> **Task brief**
An exact copy of every line from the one holding "Säljer en snygg" to the end of the entries below is required; leave the pictures out.

+++ Excerpted data +++

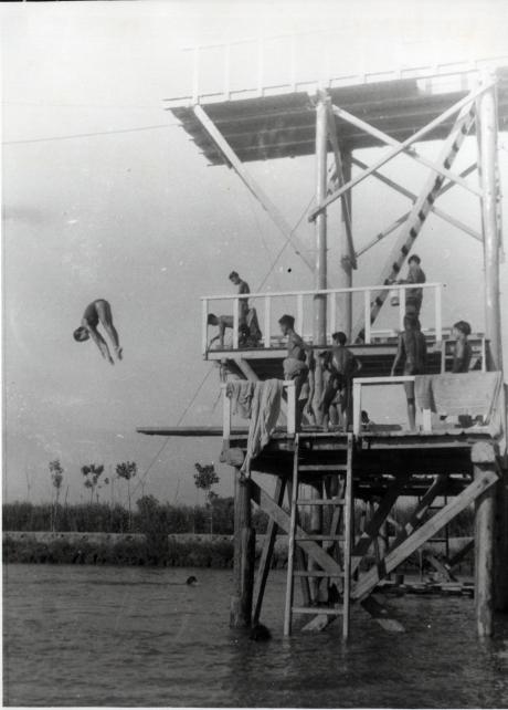 1959年,为备战第一届全运会,我院游泳运动员在自己搭建的跳水台训练
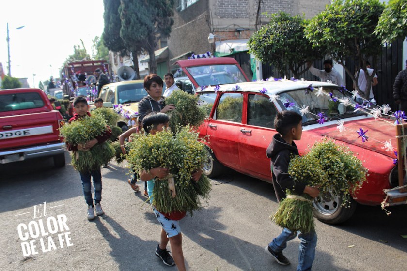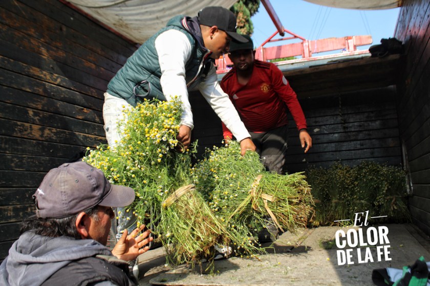 Concluida la entrega de manzanilla, se realiza un pequeño almuerzo, para después, cargar cuidadosamente las camionetas y automóviles con los manojos de manzanilla. Tras agradecer a los familiares de don Marcelino Palma, las camionetas salen de manera ordenada y en caravana para iniciar su camino de regreso hasta Chimalpa, donde serán recibidos en la entrada del pueblo junto con las demás ofrendas que se llevarán a los pies de la Virgen de los Dolores, como las cañas y las vestimentas de las imágenes religiosas que participarán durante la Semana Santa.
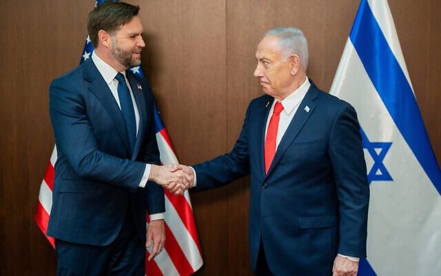 وأعرب فانس، خلال لقاء مع رئيس الوزراء الإسرائيلي بنيامين نتنياهو عن تحمسه للعمل معًا على خطة سلام غزة، وقال:" أمامنا مهمة شاقة للغاية، وهي نزع سلاح حماس، وإعادة إعمار غزة، وتحسين حياة سكانها، وكذلك ضمان ألا تشكل حماس تهديدًا لأصدقائنا في إسرائيل".
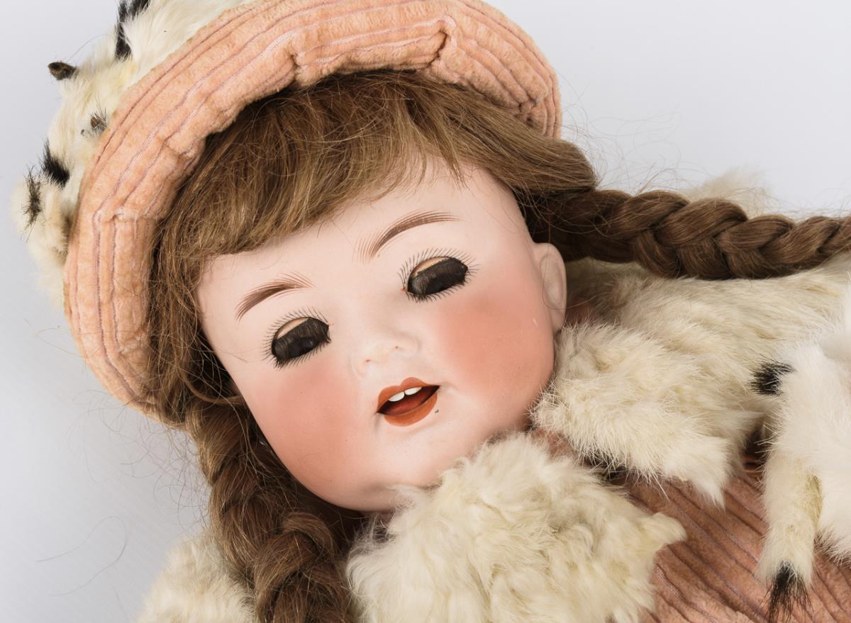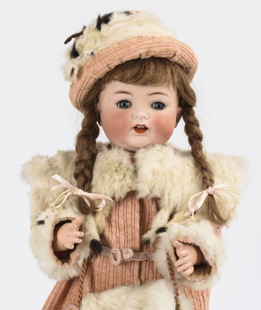 Crank head, blue sleeping eyes, eyelashes, medium blond human hair wig with braids. 5-piece stand-up doll body with silenced voice. White dress, pink coat, matching hat, white ermine collar and muff, white shoes. Head x-rayed: without defects.
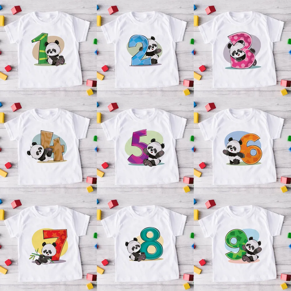 Детская футболка с рисунком панды на день рождения с номером 1-9; Футболка для мальчиков и девочек; Подарок на день рождения; Одежда для малышей; От 1 до 9 лет
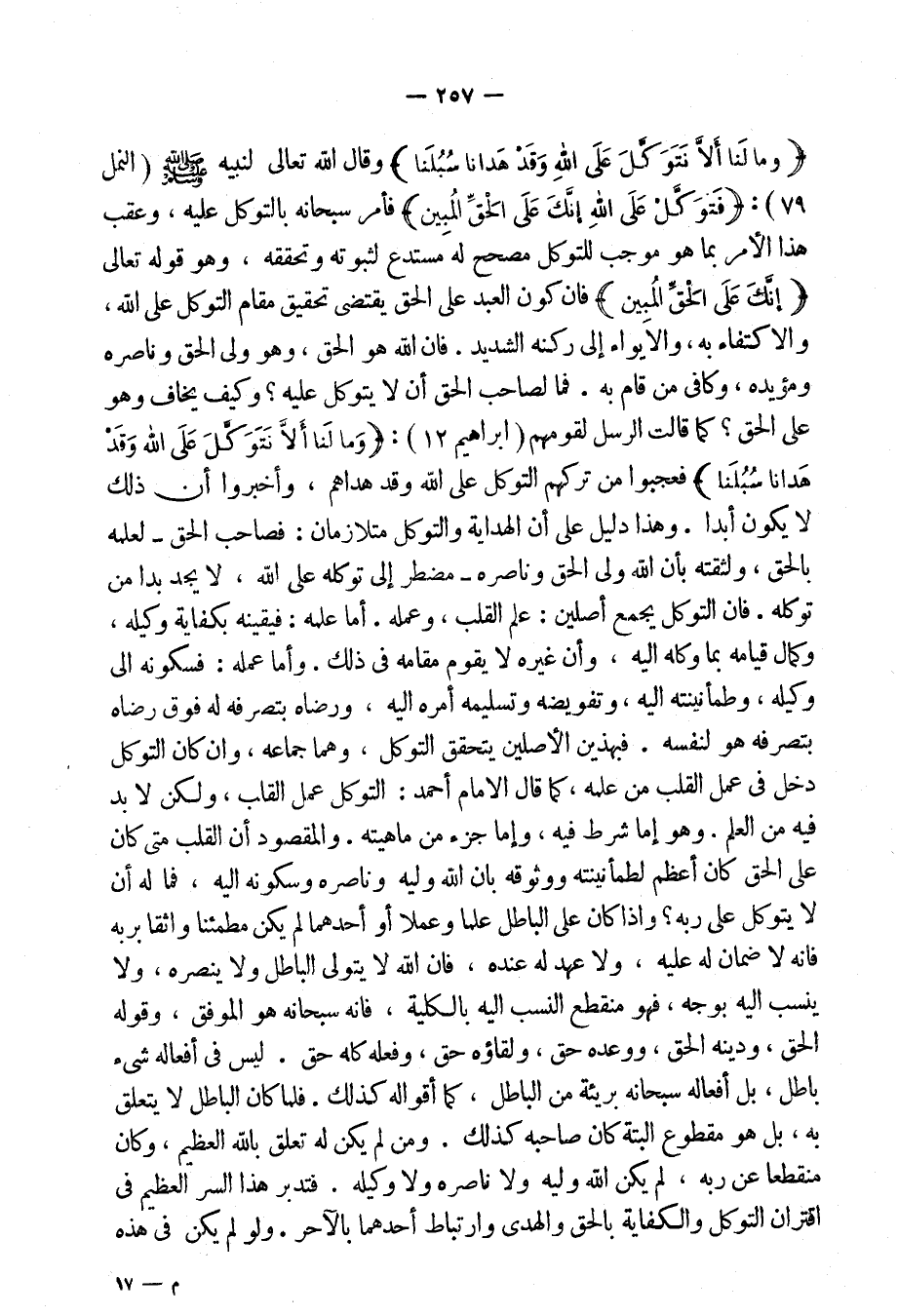 وهذا دليل على أن الهداية والتوكل متلازمان: فصادف الحق- لعلمه بالحق [وليقينه] بأن الله ولى الحق وناصره- مضطر إلى توكله على الله لا يجد بداً من توكله. فإن التوكل يجمع أصلين: علم القلب وعمله. أما علمه: فيقينه بكفاية وكيله، وكمال قيامه بما وكله إليه، وأن غيره لا يقوم مقامه فى ذلك. وأما عمله: فسكونه إلى وكيله، وطمأٌنينته إليه، وتفويضه وتسليمه أَمره إليه، وأن غيره لا يقوم مقامه فى ذلك. ورضاه بتصرفه له فوق رضاه بتصرفه هو لنفسه. فبهذين الأصلين يتحقق التوكل، وهما جُماعه، وإن كان التوكل دخل فى عمل القلب من عمله، كما قال الإمام أحمد: التوكل عمل القلب، ولكن لا بد فيه من العلم، وهو إما شرط فيه، وإما جزءٌ من ماهيته.
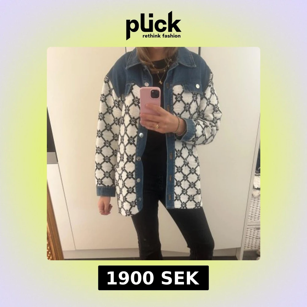 Säljer en snygg overshirt med blå denimkrage och axelparti. Jackan har vit bas med svart mönster, knappar framtill och långa ärmar. Perfekt för dig som vill ha en unik och trendig look.
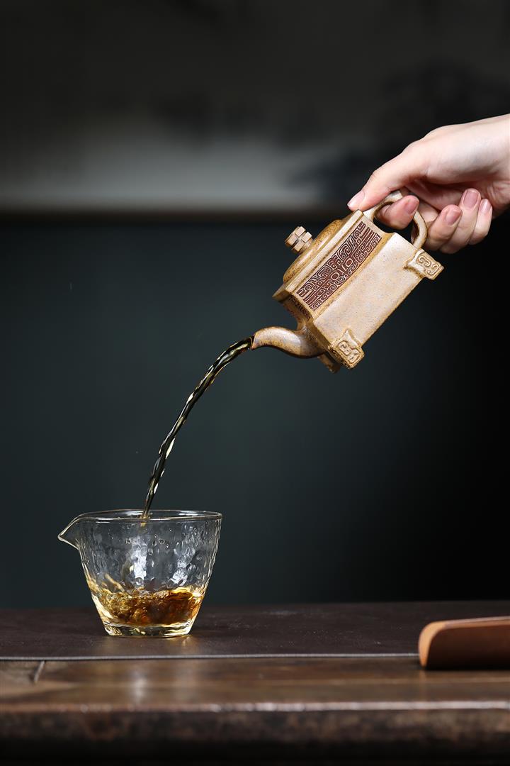 【泥料特點】砂土氣重,似淳實農民,日久使用,漸露鋒芒,養成變化,溫潤莊重。紫砂是壹種雙重氣孔結構的多孔性材質,氣孔微細,密度高。用紫砂壺沏茶,不失原味,且香不渙散,得茶之真香真味。紫砂使用越久,壺身色澤越發光亮照人,氣韻溫雅。紫砂壺長久使用器身會因撫摸擦拭,變得越發溫潤光澤。
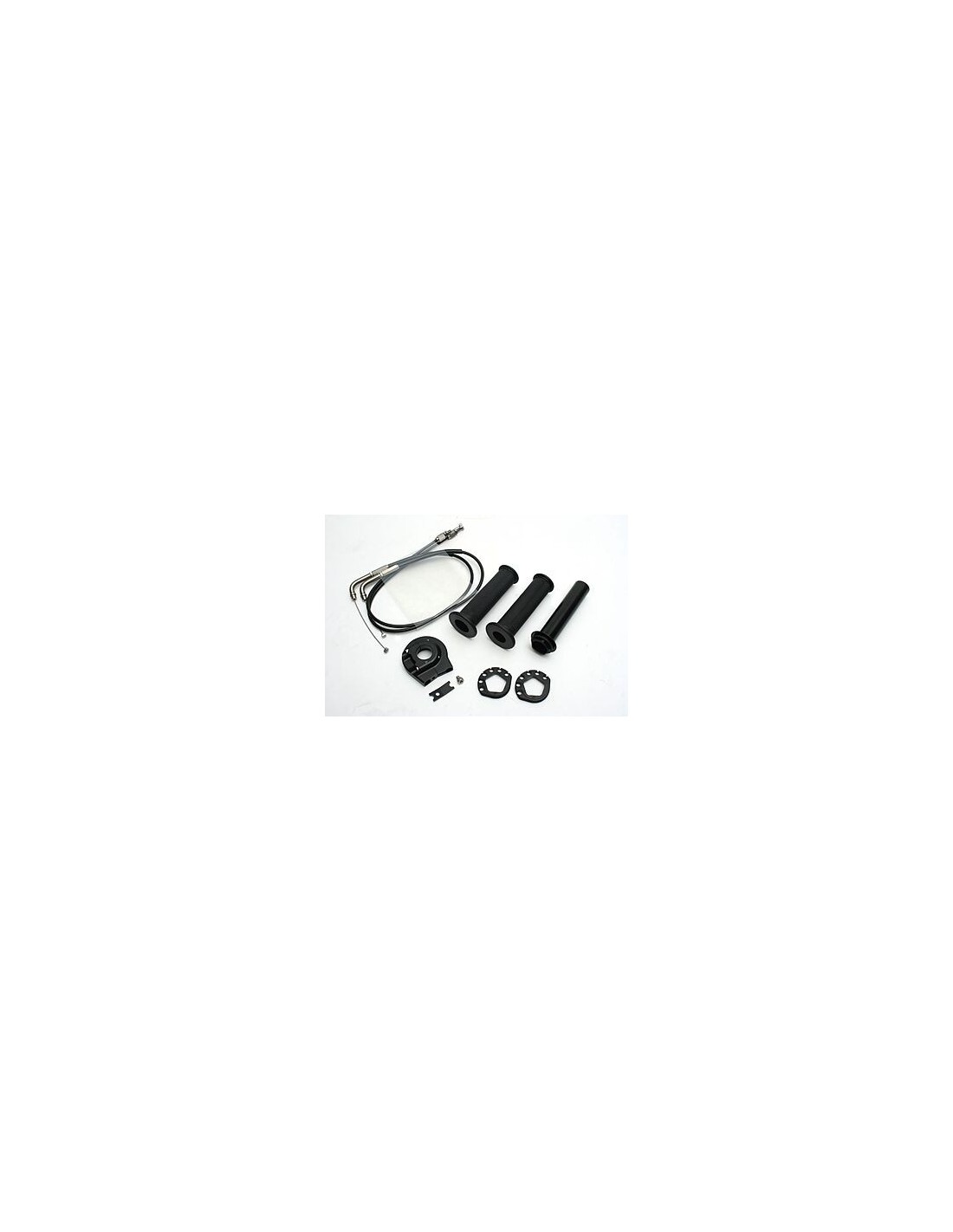Black quick throttle Throttle case in anodized aluminium Grips included Specific cabling for Honda CBR600 RR 05-13 with internal cable in stainless steel Kit includes: Throttle Specific gas cabling 2 roulettes with 50 and 52mm routes Couple of black grips
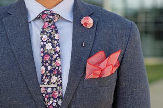 Also, consider your build. Are you broad shoulder? Try wider lapels and ties. If you’re described as slim and small in stature, opt for a slimmer men’s tie and lapel.

+++

> **Solved problem**
 Säljer en snygg overshirt med blå denimkrage och axelparti. Jackan har vit bas med svart mönster, knappar framtill och långa ärmar. Perfekt för dig som vill ha en unik och trendig look.
 【泥料特點】砂土氣重,似淳實農民,日久使用,漸露鋒芒,養成變化,溫潤莊重。紫砂是壹種雙重氣孔結構的多孔性材質,氣孔微細,密度高。用紫砂壺沏茶,不失原味,且香不渙散,得茶之真香真味。紫砂使用越久,壺身色澤越發光亮照人,氣韻溫雅。紫砂壺長久使用器身會因撫摸擦拭,變得越發溫潤光澤。
Black quick throttle Throttle case in anodized aluminium Grips included Specific cabling for Honda CBR600 RR 05-13 with internal cable in stainless steel Kit includes: Throttle Specific gas cabling 2 roulettes with 50 and 52mm routes Couple of black grips
 Also, consider your build. Are you broad shoulder? Try wider lapels and ties. If you’re described as slim and small in stature, opt for a slimmer men’s tie and lapel.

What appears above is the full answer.